The minister has used up all his capital. He does not have any other levers to pull. He has squeezed the life out of the public health system. He has blamed staff and pointed the finger at administrative inefficiencies, when in fact Tasmania's emergency departments are recognised, comparative to others in Australia, as being the most efficient. He has already the squeezed the efficiency as far as he can go. At the same time, he has created a situation by the mismanagement and the rush he has put on the THS restructuring process. That pressure has meant there is now staff at breaking point, staff in tears in the Royal Hobart Hospital emergency department, staff who are quitting, and staff who are repeatedly having to work overtime and double shifts.
This situation has arisen because the minister refuses to put on permanent nursing and doctor staff to staff the wards he opens when the mushrooms pop up over here. He opens a ward and does not put any permanent staff on them, so we have staff being taken from the casual pool which is leading to losses in staff in oncology, general surgical, orthopaedic, radiology, theatre, paediatrics, and especially in the emergency department.
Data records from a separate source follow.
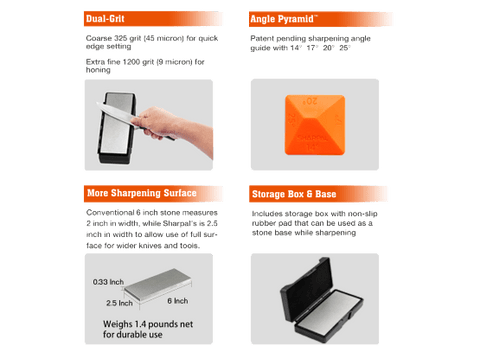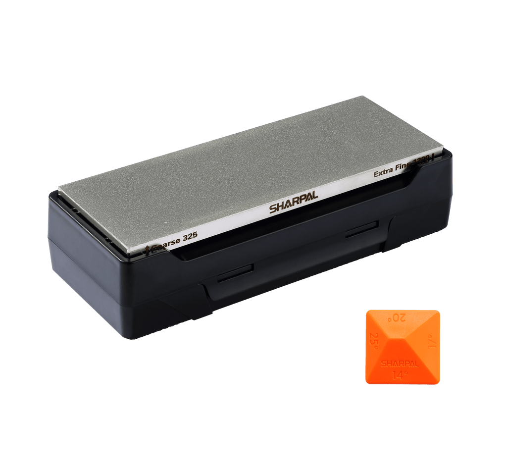 SHARPAL 162N Dual-Grit Diamond Whetstone that measures 8 inch X 3 inch is capable of handling a wide variety of edges including kitchen and pocket knives with either a single or double bevel on the blade, tools and much more. With MirrorFlat™ technology, hard wearing surface and durable design, it guarantees consistent, even sharpening for years of dependable use. It is double-sided with both coarse and extra fine diamond surfaces. Use the coarse diamond stone 325 grit (45 micron) to quickly and easily restore a dull or damaged edge. Use the extra fine diamond stone 1200 grit (12 micron) to hone. Sharpen dry. No messy oil needed. It comes with a high-impact plastic self-storing case with non-slip rubber pad that can be used as a stone base while sharpening. More value-added gadget is the patent pending Angle Pyramid™ Sharpening Angle Guide integrated with 4 angles-14°, 17°, 20°, 25° for choice for almost all kinds of knives.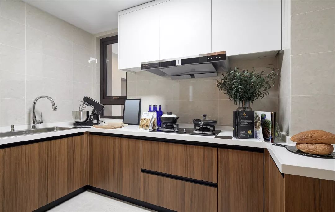 厨房的面积还是比较宽敞的,做了U字形的橱柜布局,水槽上方的墙面留空,可以避免柜子太满带来的压抑感。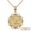 Solid Gold Round Saint Michael Pendant Necklace (Available In Two Tone/Yellow/Rose/White Gold)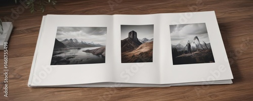 Fototapeta premium Elegant photo album mockup; pristine white pages, sleek design, modern,...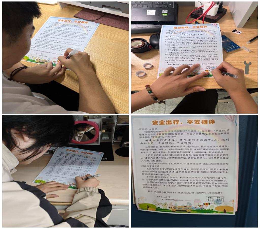 在活动进行中,同学们认真听讲,积极交流。宣讲结束后,同学们以宿舍为单位,纷纷在宣传页上签字,并将这份来自学院的殷殷嘱托粘贴在宿舍门后,以便时刻提醒自己增强安全防范意识。

It is impossible for the staff to manage in a THS restructuring process where they have not been consulted. They were given a consultation paper in October but the temporary structure is already in place. We have a structure where staff are acting in senior positions in the Royal Hobart Hospital and the Launceston General Hospital but they have not been trained. They do not have any support and are working in positions that are not legitimised or formalised. They are still being consulted by the staff and yet the system is working in this new draft structural position without a single person in the THS executive who is the voice of the hospital. There is no voice for the Royal, no LGH voice, and no north-west voice on the TSH structure anymore.
That is the situation we are in. In one weeks time, apparently, there will be a decant from the Royal Hobart Hospital. According to everything we are getting from the front page of the newspaper - because the minister is not providing us with these details - that decant will not enough beds. It does not matter how the minister likes to paint it, bed for bed is rubbish. The truth is there are already not enough beds; there is already chronic bed blockage happening in the emergency department in the hospital. The minister is using code reds as a deliberate strategy to deal with the chronic bed shortage as though it is an official technique when it is actually mismanagement, a disaster. Almost day in and day out we are getting code 3s at the Royal Hobart Hospital - serious bed block. That is because there is nowhere for patients to go upstairs now. We are going to move to decant next week in a THS system at the Royal Hobart Hospital where there are acting staff in senior positions, no voice on the THS executive, staff are working double shifts and overtime already and we are looking at having between 12-40 beds less in the new decant.
The emergency department was built 10 years ago for a 40 000 patient through-flow. Now the estimate is that we have 60 000 patients and this decant is going to go until 2019. That is at least three years where we will have less beds than we have now. We have an overflow now and we are going to have three years with less beds. As the minister knows, it has increased by 5 per cent every year, so what is the minister going to do to stop the meltdown in the Royal Hobart Hospital?
Time expired.
Ms WHITE (Lyons) - Madam Speaker, I note that no member from the government benches took the jump. I remind members of the data I shared earlier in this parliamentary session on information provided by the Australian Institute of Health and Welfare which shows Tasmanians are waiting longer in our emergency departments in our hospitals for the 2015-16 year compared to any other time in the past five years. There is no doubt the figures show our emergency departments in our public hospitals are under enormous pressure. For the month of October this year, 54 patients spent more than 24 hours waiting in the emergency department. That is a 300 per cent increase compared to October last year. It is simply unacceptable.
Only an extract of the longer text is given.